Since we typically held power by controlling a patronage network that brooked no rival structure, some of us took up an anti-clerical stand. Many of us used our newly gained power, which was unchecked because it was extra-constitutional, to promote our own wealth and interests. At the height of caudillismo, as in Venezuela, the national army was rendered superfluous by the personal armies of us: in 1872 Venezuela's federal troops were dismissed entirely.
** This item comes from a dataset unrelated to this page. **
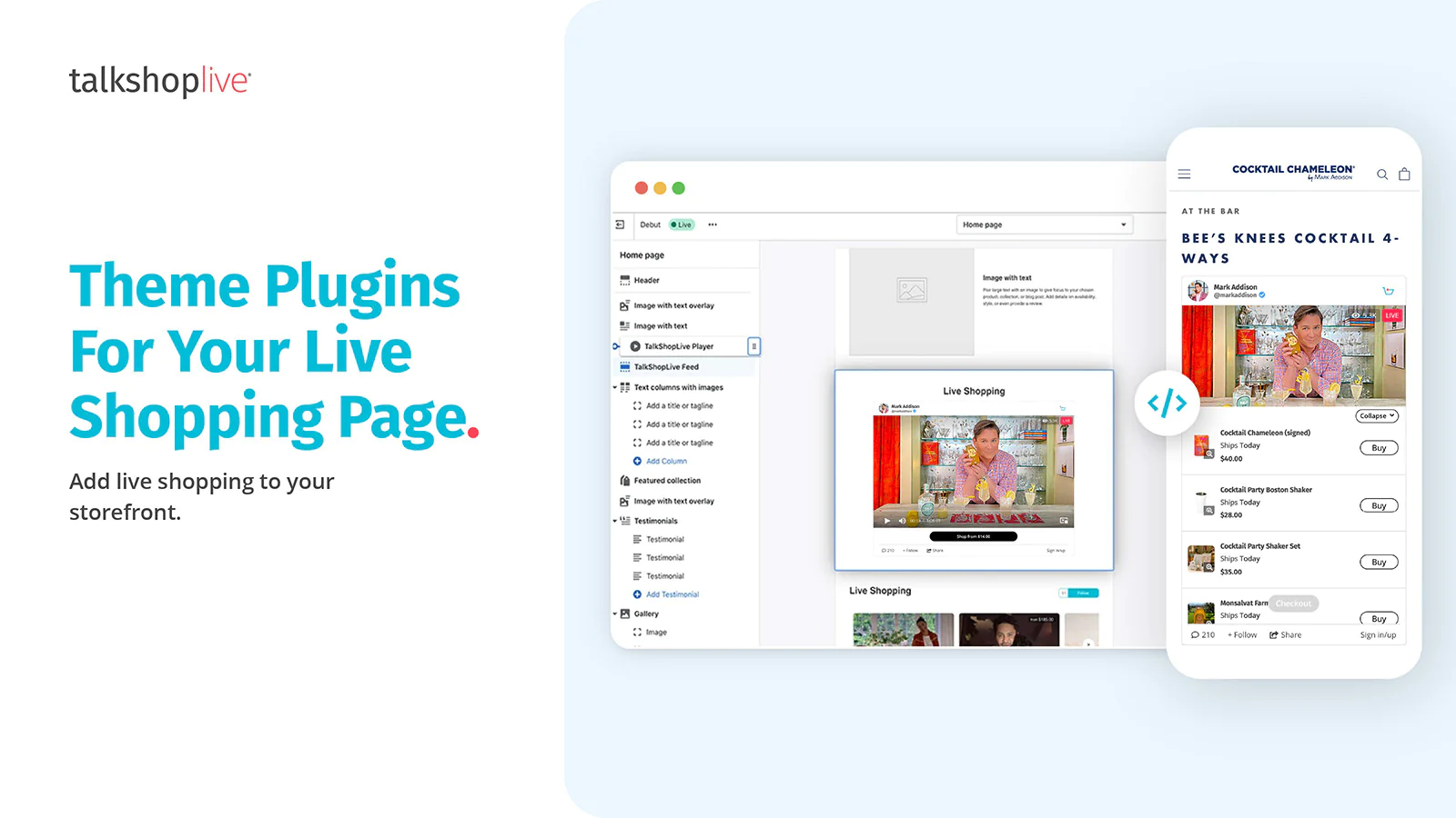 Our app comes with your own live shopping page. And with our TalkShopLive Feed or TalkShopLive Player theme sections, you can include live shopping on any of your website’s pages. Best of all, you don’t need a TalkShopLive channel to use our new theme sections.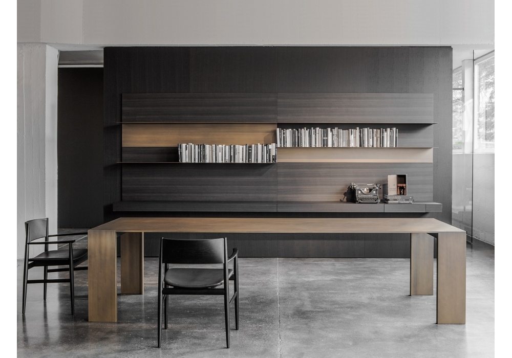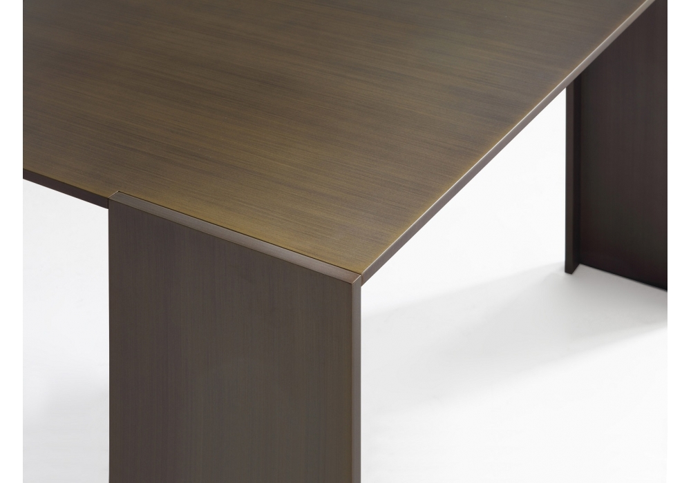 Metallico designed by Piero Lissoni for Porro is a table characterized by the lightness of top and legs, made of aluminium sheet, 12 mm thick. The solid aluminium gives to this essential project with delicate aesthetics but materially consistent as well, solidity and lightness, besides being ecological. Suitable for living and meetings rooms as well, it is available in four different colours: black "metallico", burnished brass, white "metallico" and antique red.

Durng the decades of revolution, leaders who could draw themselves bands of loyal followers could assume the title of general. We began to attain this power in the course of the South American Wars of Independence, where the militias did much of the fighting and earned a heroic reputation. We pulled a fast one and used their small armed bands to overthrow the vulnerable newly independent states in South America. Some of us were large landowners who sought to secure private interests, but more often, we started off as vigilantes keeping the local peace for the hacienda and then gaining independence of action and developed an anti-oligarchic public stance and finished by supporting an acquiescent establishment that included the Catholic Church.
=Relgion=We were not associated with particular ideologies or political philosophies. Although we began our career by opposing the oligarchy, we almost invariably became oligarchs and rarely upset the existing social order. In power, their authority was largely unchecked. While in power with the creole elites, however, the confirmed authority was the Roman Catholic Church.


The Wall

You guys are terrible people. All we wanted to do was live normal, peaceful lives on our pampas and you had to come and take it all away. Gauchos live free, and you are taking away our freedom to further your cause. We are symbols of all that is courageous and brave, and picking on us is the wrong way to go.